- [Activity]: When you reach the line with "这个像茶叶一样的东西是莼菜汤,口感滑溜溜的,小姐妹很喜欢" in the records below, begin transcribing exactly and continue up to and including the line with "Кляп-кольцо на чёрных", leaving out every picture.

- [Study material]:
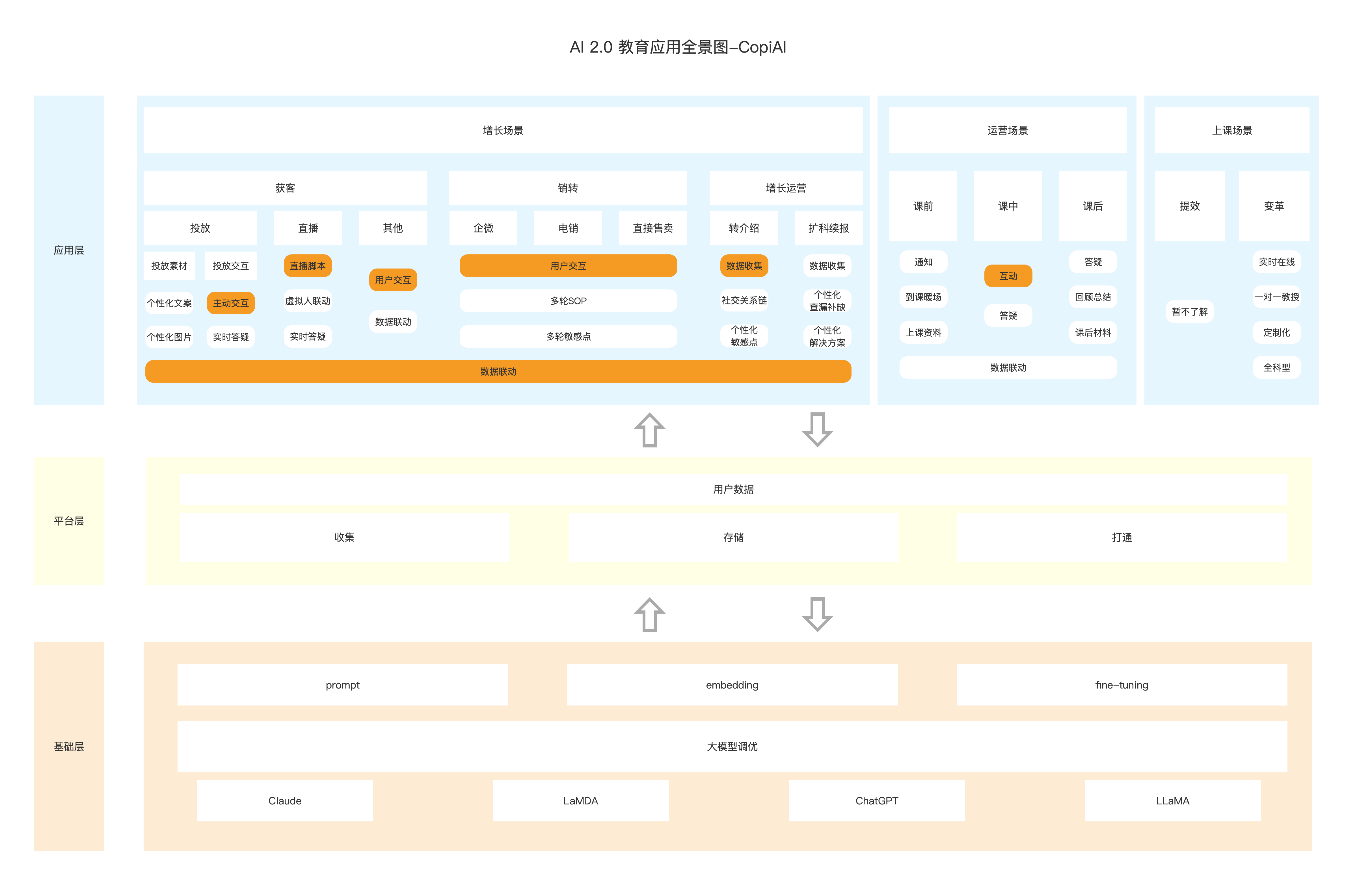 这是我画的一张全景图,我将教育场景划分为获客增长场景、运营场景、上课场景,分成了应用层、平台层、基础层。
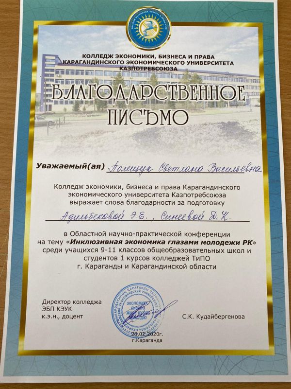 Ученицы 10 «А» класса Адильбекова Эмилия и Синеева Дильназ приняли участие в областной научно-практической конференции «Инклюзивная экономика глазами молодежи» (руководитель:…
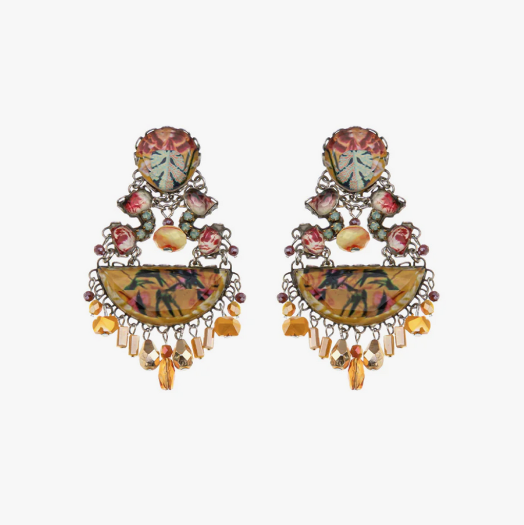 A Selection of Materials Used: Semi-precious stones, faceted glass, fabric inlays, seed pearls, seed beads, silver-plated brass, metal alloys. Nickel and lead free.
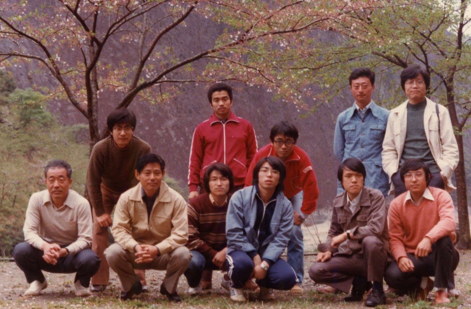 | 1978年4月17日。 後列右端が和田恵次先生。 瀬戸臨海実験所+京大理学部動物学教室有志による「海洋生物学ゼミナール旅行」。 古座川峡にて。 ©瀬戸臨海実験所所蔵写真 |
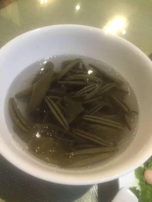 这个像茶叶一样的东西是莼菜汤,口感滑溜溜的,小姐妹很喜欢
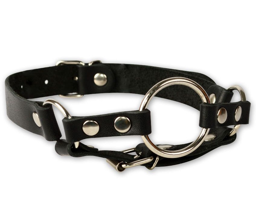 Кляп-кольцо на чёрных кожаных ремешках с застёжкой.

...

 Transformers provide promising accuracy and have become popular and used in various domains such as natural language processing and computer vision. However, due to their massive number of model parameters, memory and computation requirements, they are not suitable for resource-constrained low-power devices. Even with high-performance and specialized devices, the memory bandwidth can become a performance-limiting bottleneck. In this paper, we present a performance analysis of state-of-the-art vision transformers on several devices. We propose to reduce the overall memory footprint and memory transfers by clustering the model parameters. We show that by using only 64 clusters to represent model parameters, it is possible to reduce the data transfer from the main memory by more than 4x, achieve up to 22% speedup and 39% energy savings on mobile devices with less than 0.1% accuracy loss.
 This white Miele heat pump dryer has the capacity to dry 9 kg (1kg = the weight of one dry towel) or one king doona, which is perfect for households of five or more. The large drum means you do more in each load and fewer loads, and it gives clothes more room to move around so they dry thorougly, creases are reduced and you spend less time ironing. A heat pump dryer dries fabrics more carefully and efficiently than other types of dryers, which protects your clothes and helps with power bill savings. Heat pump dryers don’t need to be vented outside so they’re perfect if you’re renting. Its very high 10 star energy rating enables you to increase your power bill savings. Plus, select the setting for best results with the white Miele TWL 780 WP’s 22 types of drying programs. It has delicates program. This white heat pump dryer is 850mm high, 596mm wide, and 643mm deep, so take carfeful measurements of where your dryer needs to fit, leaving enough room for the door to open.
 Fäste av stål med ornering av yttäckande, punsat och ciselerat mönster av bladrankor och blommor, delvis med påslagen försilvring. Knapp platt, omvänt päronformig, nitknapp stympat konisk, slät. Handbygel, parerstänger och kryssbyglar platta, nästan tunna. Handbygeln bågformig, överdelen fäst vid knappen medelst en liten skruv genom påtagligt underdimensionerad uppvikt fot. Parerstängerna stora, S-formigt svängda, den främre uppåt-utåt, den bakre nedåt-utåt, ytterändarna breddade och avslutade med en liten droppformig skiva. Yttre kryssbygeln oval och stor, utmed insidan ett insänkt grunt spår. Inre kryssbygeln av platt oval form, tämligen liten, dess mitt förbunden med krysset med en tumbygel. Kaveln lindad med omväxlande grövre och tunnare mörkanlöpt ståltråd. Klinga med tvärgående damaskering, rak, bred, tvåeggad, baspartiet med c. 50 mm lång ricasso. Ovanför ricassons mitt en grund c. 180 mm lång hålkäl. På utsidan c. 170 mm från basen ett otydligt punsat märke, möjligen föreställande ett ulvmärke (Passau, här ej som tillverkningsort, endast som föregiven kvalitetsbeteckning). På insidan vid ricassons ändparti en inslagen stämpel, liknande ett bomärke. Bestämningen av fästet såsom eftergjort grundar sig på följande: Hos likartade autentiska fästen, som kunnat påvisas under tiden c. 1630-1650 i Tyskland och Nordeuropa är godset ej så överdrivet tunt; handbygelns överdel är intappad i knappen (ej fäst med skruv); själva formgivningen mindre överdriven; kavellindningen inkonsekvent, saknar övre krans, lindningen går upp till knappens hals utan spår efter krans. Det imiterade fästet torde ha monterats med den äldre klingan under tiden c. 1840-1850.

---

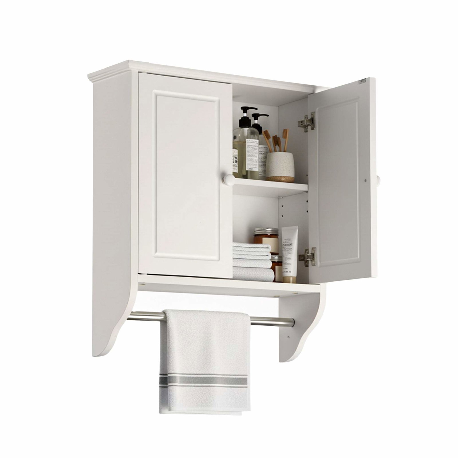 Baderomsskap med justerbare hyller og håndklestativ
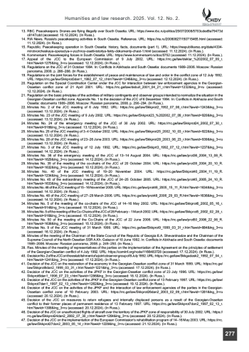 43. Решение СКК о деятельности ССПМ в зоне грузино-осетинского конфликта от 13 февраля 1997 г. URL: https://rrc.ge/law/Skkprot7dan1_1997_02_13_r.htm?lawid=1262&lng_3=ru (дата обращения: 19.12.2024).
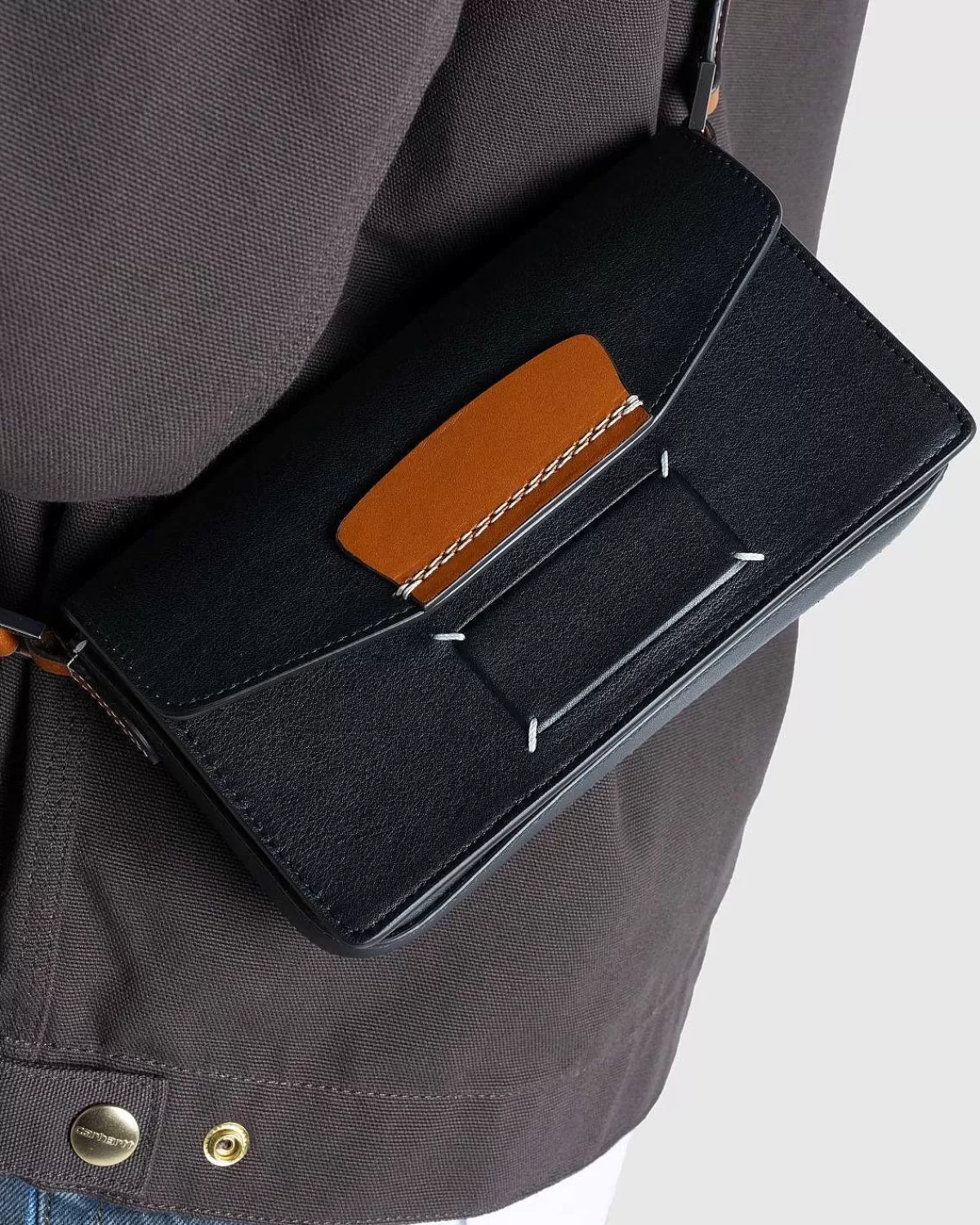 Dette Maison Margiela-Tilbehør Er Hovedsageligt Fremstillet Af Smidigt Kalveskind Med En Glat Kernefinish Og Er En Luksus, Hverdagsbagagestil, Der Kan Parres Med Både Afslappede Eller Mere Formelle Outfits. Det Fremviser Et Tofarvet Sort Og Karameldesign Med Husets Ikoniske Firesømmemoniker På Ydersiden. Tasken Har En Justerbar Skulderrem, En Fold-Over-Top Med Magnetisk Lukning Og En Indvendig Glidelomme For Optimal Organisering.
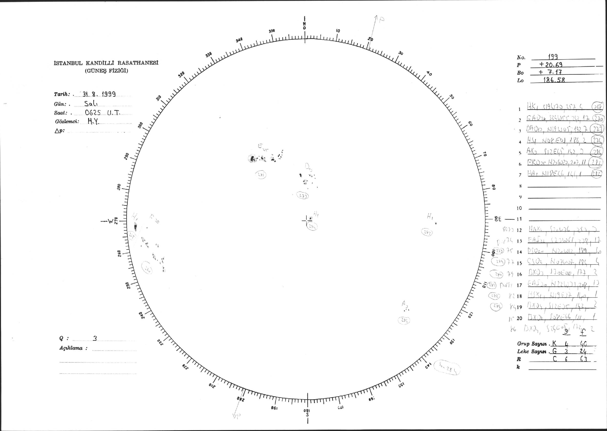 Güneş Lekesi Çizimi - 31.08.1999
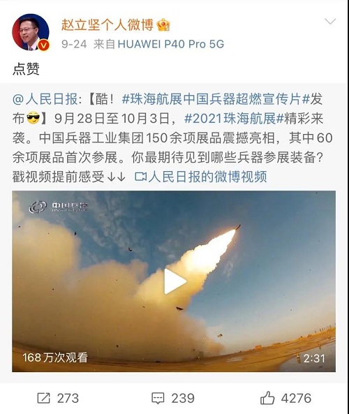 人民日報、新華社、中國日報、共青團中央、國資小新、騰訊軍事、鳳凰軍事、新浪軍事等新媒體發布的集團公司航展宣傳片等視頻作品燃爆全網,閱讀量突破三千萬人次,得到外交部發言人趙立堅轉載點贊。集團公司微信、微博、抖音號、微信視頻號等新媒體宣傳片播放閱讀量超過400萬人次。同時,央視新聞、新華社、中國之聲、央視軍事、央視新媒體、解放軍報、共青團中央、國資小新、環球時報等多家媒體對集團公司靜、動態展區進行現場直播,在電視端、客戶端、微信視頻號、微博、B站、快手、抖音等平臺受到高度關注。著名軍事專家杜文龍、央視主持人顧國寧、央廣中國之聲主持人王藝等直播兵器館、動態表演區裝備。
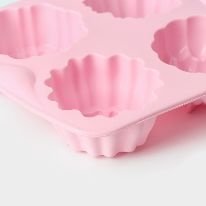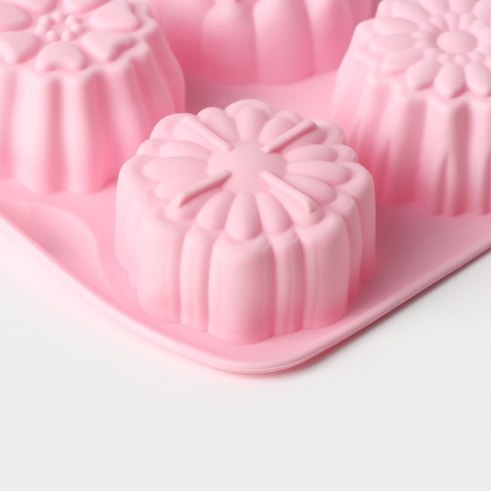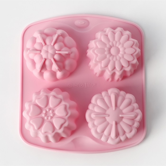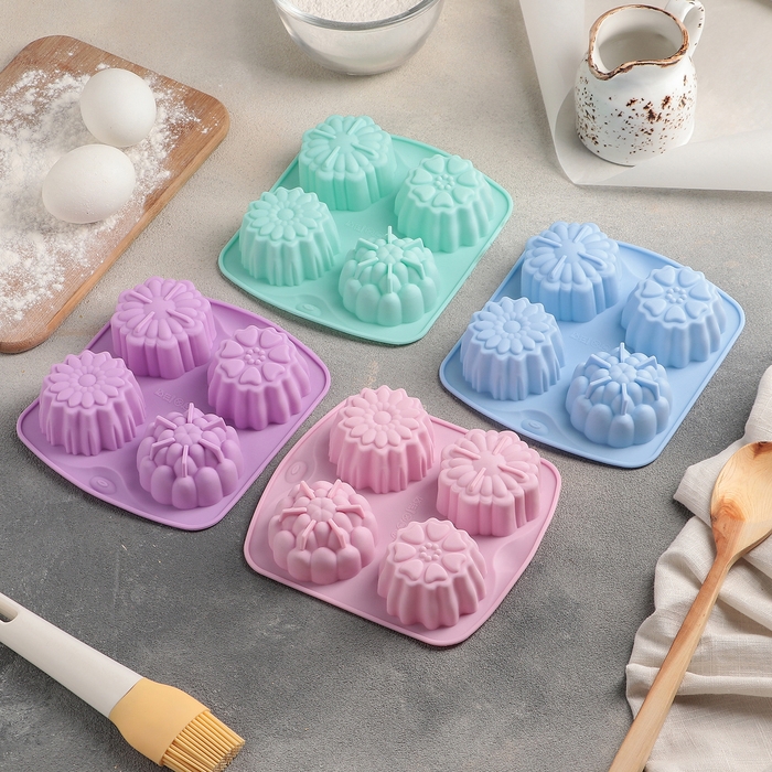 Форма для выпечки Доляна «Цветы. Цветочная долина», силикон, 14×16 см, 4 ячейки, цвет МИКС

- [Your solution]:
 这个像茶叶一样的东西是莼菜汤,口感滑溜溜的,小姐妹很喜欢
 Кляп-кольцо на чёрных кожаных ремешках с застёжкой.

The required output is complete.